Progress is being made to improve the safety of children and young people in our health settings, including the implementation of recommendations made by the Governance Advisory Panel.
Independent oversight of the implementation has commenced, and the former co-chairs of the Governance Advisory Panel are meeting with the chairs of working groups and assessing the progress of implementation. Dr Maria Harries has also agreed to continue working with the independent oversight group and will be engaging with some of the lived experience participants. The independent oversight group will be providing regular feedback to the Secretary on progress. (Recommendation 91).
In the more than three months since the recommendations of the Review were delivered, significant organisational renewal and a reset of executive culture at the LGH has been actioned, noting that achieving cultural change is a continuous and multi-year effort. This includes the LGH executive and senior leadership team moving to implement a three-year cultural change and accountability framework program, with accountability right at the heart of restoring trust in the LGH.

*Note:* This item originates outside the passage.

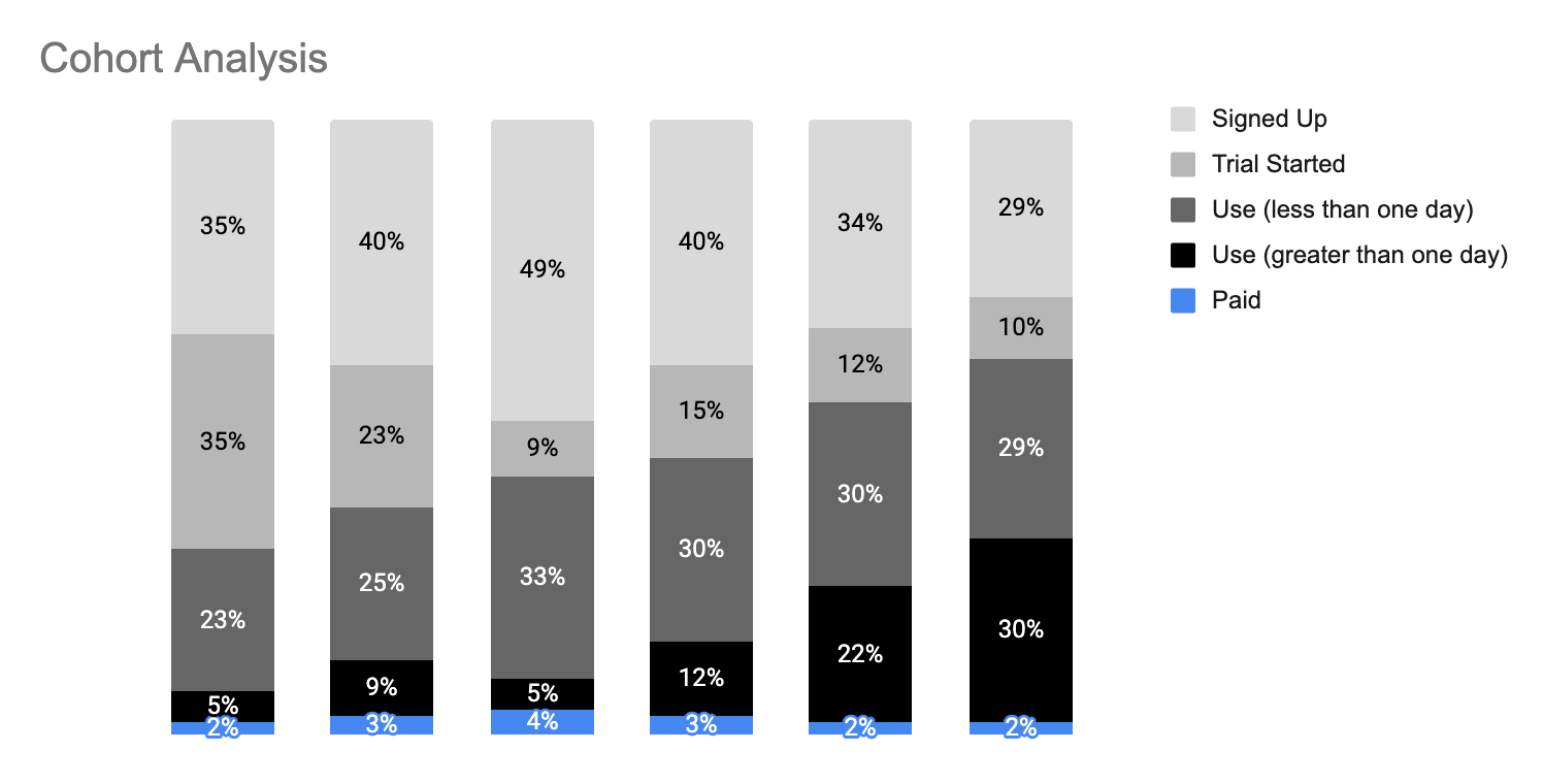 The percentage of Trial usage has been increasing each period (shrinking Signed Up and Trial Started cohorts, and growing Use cohorts)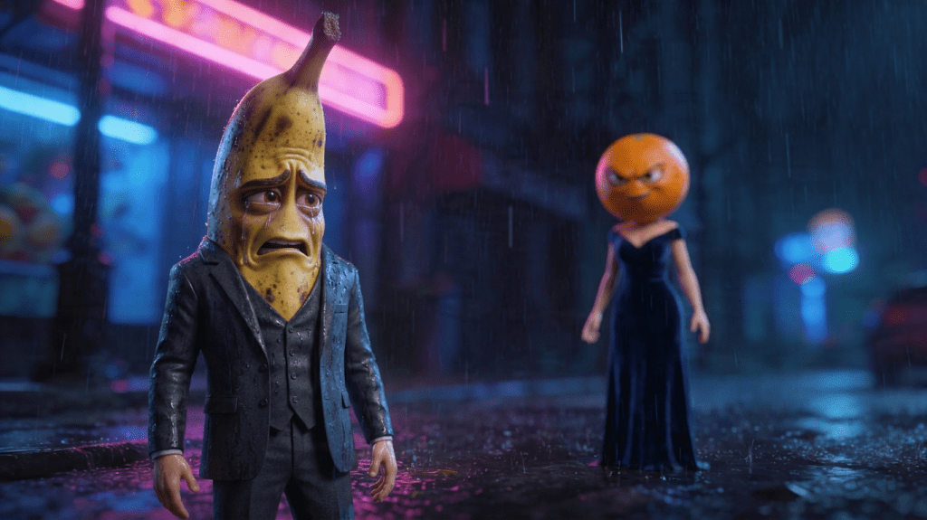 El personaje más conocido del género es Banana Negra, un plátano maduro e infiel que protagoniza un triángulo amoroso junto a Naranja, su pareja, y Limón, la amiga traidora. Una trama que cualquier espectador reconoce al instante… envuelta en el absurdo visual más inesperado.

As previously announced, we have appointed Jen Duncan as the new Chief Executive – Hospitals North, a newly-created position and a recommendation of the Review. Ms Duncan previously held a senior health position in New South Wales and in her new role, she is directly responsible for child safeguarding at the LGH and across Northern health services, also a recommendation of the Review.
We have undertaken a national search to recruit a new Executive Director of Medical Services, and a new Executive Director of Nursing and Midwifery, and will reset accountability and performance expectations for these roles, including child safeguarding performance measures. This is in addition to a new Director of Nursing (Women’s and Children’s) and a new Nurse Unit Manager being appointed to our Children and Paediatrics service.
We are also currently recruiting full-time Child Safeguarding Officers which will be based at each major hospital in Tasmania, including the LGH – another recommendation from the Review. (Recommendations 2, 3, 10, 11)
The rollout of the mandatory Foundations on The Safeguarding of Children and Young People’ e-learning module continues.
More than 6,800 employees have completed the training. All Executives and Managers have been asked to actively engage with their staff and ensure they have the opportunity and access to undertake the training.
Recognising that not all employees, especially those in clinical and clinical support roles, have easy access to computers, the Child Safety and Wellbeing Service has teamed up with IT to provide laptops to areas enabling staff to complete their Mandatory Safeguarding Children Training.
All DoH staff are required to have completed training by the end of June 2023, however, Recommendation 53 of the report required that all HR Business Partners complete the training by the end of February.
Our staff within Employee Relations, Injury Management, Work Health and Safety, Policy and Generalist teams all completed the mandatory training module by the end of February 2023 as per the recommendation.
To support the delivery of child safety mandatory training, the State-wide Mandatory Education, Training and Assessment policy has been updated and endorsed by the Department’s people and culture sub-committee and now includes child safe training within the list of mandatory training for all staff. (Recommendations 48, 49, 51, 52 and 53)
Finally, the Tasmanian State Service employee survey has now closed and thank you to all staff that took the time to participate. Survey results will help inform important work such as building our One Health Culture, as well as strengthening the recommendations from the Child Safe Review - Governance Advisory Panel (GAP) by contributing to a cultural baseline, including for the LGH. (Recommendation 26)
I am committed to driving large-scale change throughout the entire Department to ensure the safeguarding of children and young people is placed at the centre of their care. We must take action on what we have heard through the Commission of Inquiry process to ensure children are safe and feel safe in our hospitals and health services.